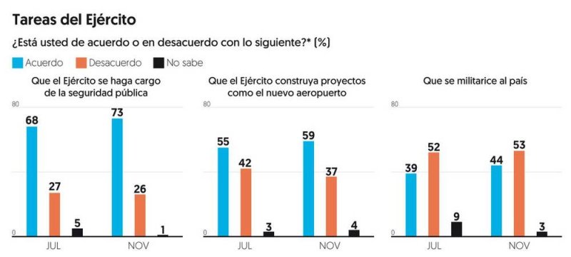 Además en la encuesta se interroga sobre las actividades del Ejército: Seguridad pública y la construcción del aeropuerto Felipe Ángeles.
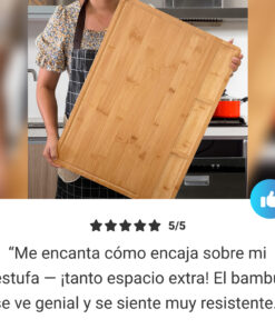 La tabla de cortar extra grande BambooCraft ofrece una superficie generosa de 75 x 54 x 8.5cm, diseñada para el uso tradicional y para ser colocada sobre fregaderos o estufas.
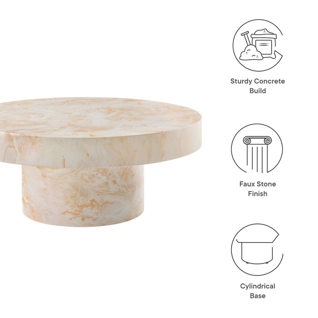 - 34 Inch Round Coffee Table Solid Concrete Build Faux Stone Finish Cylindrical Base Indoor/Outdoor Design Easy Assembly Required
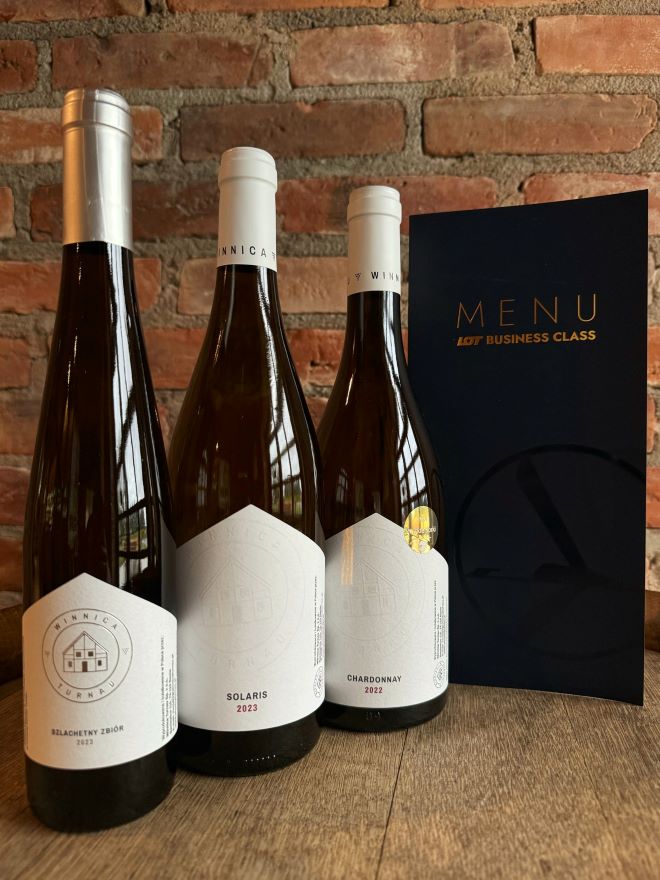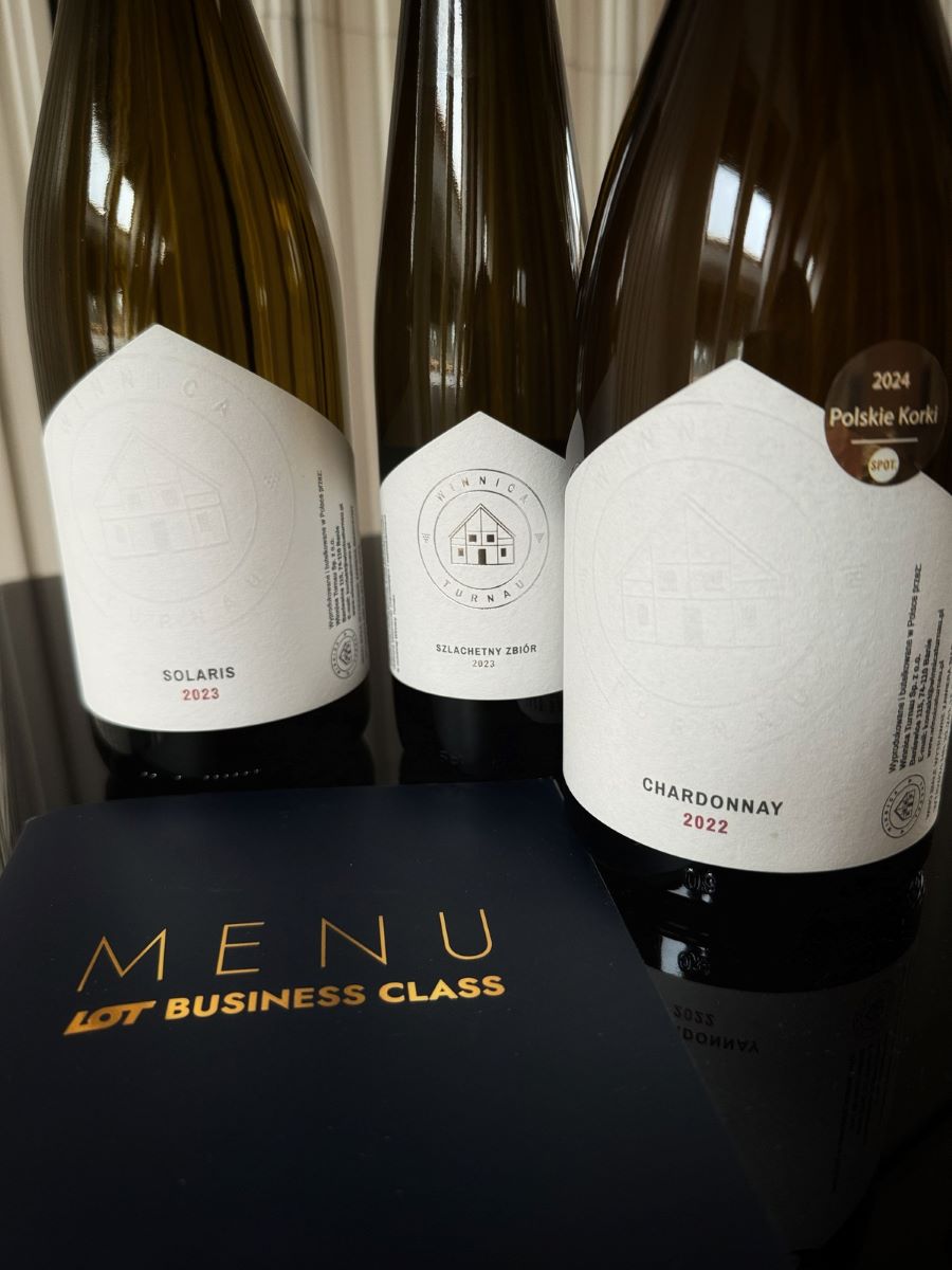 Przedstawiamy najnowsze menu Business Class LOT-u. Znajdziecie w nim aż trzy nasze wina: uskrzydlone tegorocznym sukcesem Chardonnay 2022, szybującego na wyżyny przyjemności Solarisa 2023 i słodycz najwyższych lotów – Szlachetny Zbiór 2023.
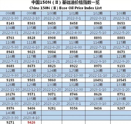 中國150N(Ⅱ)基礎油價格指數(shù)第141期-資源趨緊上揚顯現(xiàn)

» **WORK ITEM**
Your copy should hold exactly the lines from the one with "- 34 Inch Round" through the end of the records, both included, and no pictures.

» **ANSWER SECTION**
 - 34 Inch Round Coffee Table Solid Concrete Build Faux Stone Finish Cylindrical Base Indoor/Outdoor Design Easy Assembly Required
 Przedstawiamy najnowsze menu Business Class LOT-u. Znajdziecie w nim aż trzy nasze wina: uskrzydlone tegorocznym sukcesem Chardonnay 2022, szybującego na wyżyny przyjemności Solarisa 2023 i słodycz najwyższych lotów – Szlachetny Zbiór 2023.
 中國150N(Ⅱ)基礎油價格指數(shù)第141期-資源趨緊上揚顯現(xiàn)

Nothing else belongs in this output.